Python (w/o Anaconda):

$ python -V
Python 3.5.2

Python modules:

user@user-VirtualBox:~/Source/ssai-cnn$ pip3 freeze
...
chainer==1.5.0.2
...
Cython==0.23.4
...
h5py==2.7.1
...
lmdb==0.87
...
matplotlib==2.1.1
...
numpy==1.10.1
onboard==1.2.0
opencv-python==3.1.0.3
...
six==1.10.0
tqdm==4.19.5
...

Additionally, Boost 1.59.0 and OpenCV 3.0.0 have been build and installed from source and both installs appears successful. The utils is also built successfully.

I have downloaded only a small subset of the mass_buildings dataset:

# ls -R ./data/mass_buildings/train/
./data/mass_buildings/train/:
map  sat

./data/mass_buildings/train/map:
22678915_15.tif  22678930_15.tif  22678945_15.tif  22678960_15.tif

./data/mass_buildings/train/sat:
22678915_15.tiff  22678930_15.tiff  22678945_15.tiff  22678960_15.tiff

Below is the output obtained by running the shells/create_datasets.sh script, modified only to build the mass_buildings data:

patch size: 92 24 16
n_all_files: 1
divide:0.6727173328399658
0 / 1 n_patches: 7744
patches:     7744
patch size: 92 24 16
n_all_files: 1
divide:0.6314394474029541
0 / 1 n_patches: 7744
patches:     7744
patch size: 92 24 16
n_all_files: 4
divide:0.6260504722595215
0 / 4 n_patches: 7744
divide:0.667414665222168
1 / 4 n_patches: 15488
divide:0.628319263458252
2 / 4 n_patches: 23232
divide:0.6634025573730469
3 / 4 n_patches: 30976
patches:     30976
0.03437542915344238 sec (128, 3, 64, 64) (128, 16, 16)

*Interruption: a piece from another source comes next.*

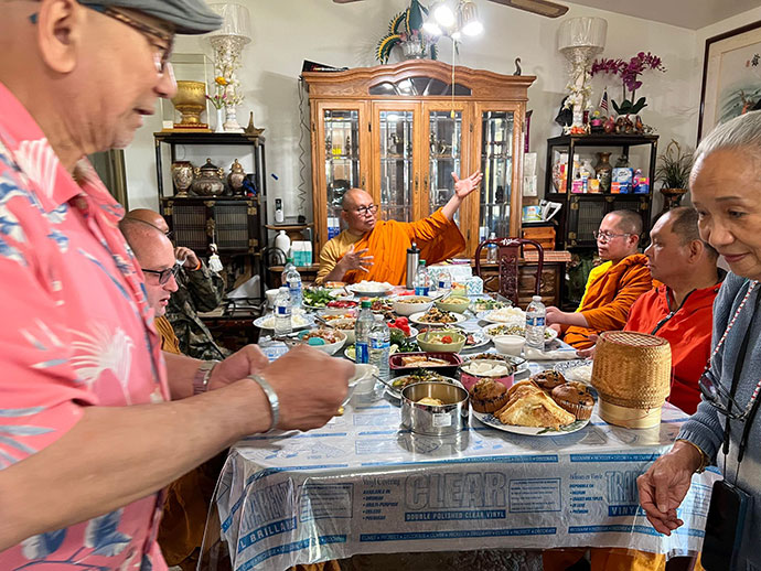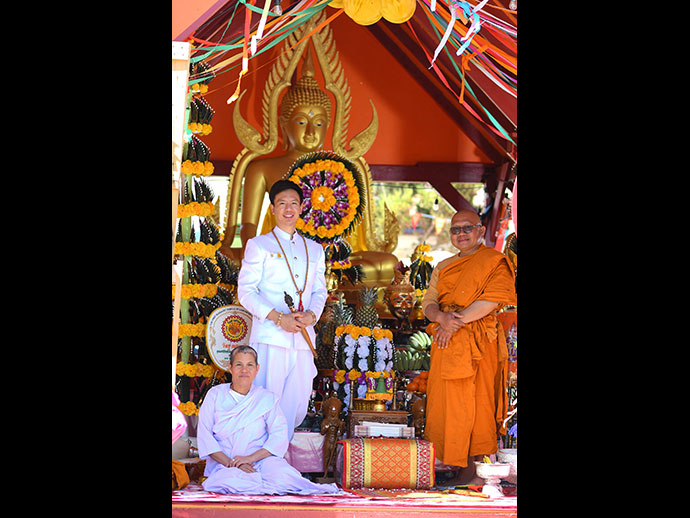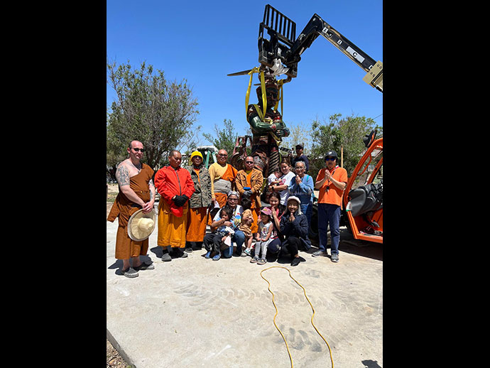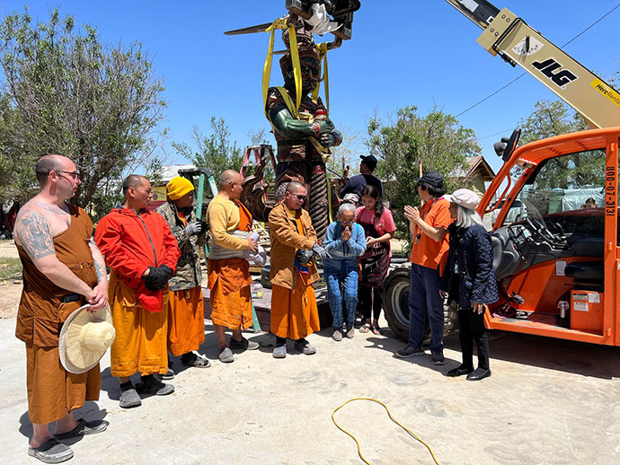 ประการที่ 4 การประดิษฐานตั้งองค์ประกอบ 2 ชิ้นส่วนให้เข้ากันเป็นเนื้อเดียวกันนั้นก็เล่นเอาหนักใจตามๆ กัน เพราะไม่ทราบว่าจะหาทางออกที่ง่ายด้วย ดีด้วย ประหยัดด้วย หลวงพ่อไสวเหมือนดังจะสัมผัสอะไรได้บางอย่างจากการรวบรวมสมาธิคิดหาวิธีว่าจะทำอย่างไร โดยวิธีไหน สุดท้ายก็ได้กำลังจิตอาสาที่เกิดขึ้นและรวมตัวกันโดยธรรมภายใต้ความหมายของคำว่า "เวยยาวัจจกิจ" กิจที่สำเร็จโดยจิตอาสา ขอบคุณคณะสงฆ์วัดพระธาตุพนม อเมริกา นำโดยท่านพระมหาเลอเดช วรวังโส เจ้าอาวาส (เปรียญธรรม 9) ญาติโยมเมืองแลงแคสเตอร์ / เมืองปาล์มเดล / เมือง โรสามอนด์ และที่มาจากตัวเมือง นครลอสแองเจลิส

Then the training script is initiated using the following command:

user@user-VirtualBox:~/Source/ssai-cnn$ CHAINER_TYPE_CHECK=0 CHAINER_SEED=$1 \
> nohup python ./scripts/train.py \
> --seed 0 \
> --gpu -1 \
> --model ./models/MnihCNN_multi.py \
> --train_orthokill _db data/mass_buildings/lmdb/train_sat \
> --train_label_db data/mass_buildings/lmdb/train_map \
> --valid_ortho_db data/mass_buildings/lmdb/valid_sat \
> --valid_label_db data/mass_buildings/lmdb/valid_map \
> --dataset_size 1.0 \
> --epoch 1

As you can see above, I've been using only 8 images and a single epoch. I left the entire process run an entire night and never completed. Hence the reason I believe the process simply hanged. Using nohup also does not complete. When forcefully stopped using Ctrl-C, I'm obtaining the following message:

# cat nohup.out 
Traceback (most recent call last):
  File "./scripts/train.py", line 313, in <module>
    model, optimizer = one_epoch(args, model, optimizer, epoch, True)
  File "./scripts/train.py", line 265, in one_epoch
    optimizer.update(model, x, t)
  File "/usr/local/lib/python3.5/dist-packages/chainer/optimizer.py", line 377, in update
    loss = lossfun(*args, **kwds)
  File "./models/MnihCNN_multi.py", line 31, in __call__
    self.loss = F.softmax_cross_entropy(h, t, normalize=False)
  File "/usr/local/lib/python3.5/dist-packages/chainer/functions/loss/softmax_cross_entropy.py", line 152, in softmax_cross_entropy
    return SoftmaxCrossEntropy(use_cudnn, normalize)(x, t)
  File "/usr/local/lib/python3.5/dist-packages/chainer/function.py", line 105, in __call__
    outputs = self.forward(in_data)
  File "/usr/local/lib/python3.5/dist-packages/chainer/function.py", line 183, in forward
    return self.forward_cpu(inputs)
  File "/usr/local/lib/python3.5/dist-packages/chainer/functions/loss/softmax_cross_entropy.py", line 39, in forward_cpu
    p = yd[six.moves.range(t.size), numpy.maximum(t.flat, 0)]
IndexError: index 76 is out of bounds for axis 1 with size 3

This is the only components that fails at this moment. I've tested the prediction and evaluation phases using the pre-trained data and both seems to complete successfully. Any assistance on how I could use the training script using custom datasets would be appreciated.

Thank you

mitmul commented 6 years ago

@InfectedPacket Thank you for trying my code. If you don't change anything in the code, the training successfully run?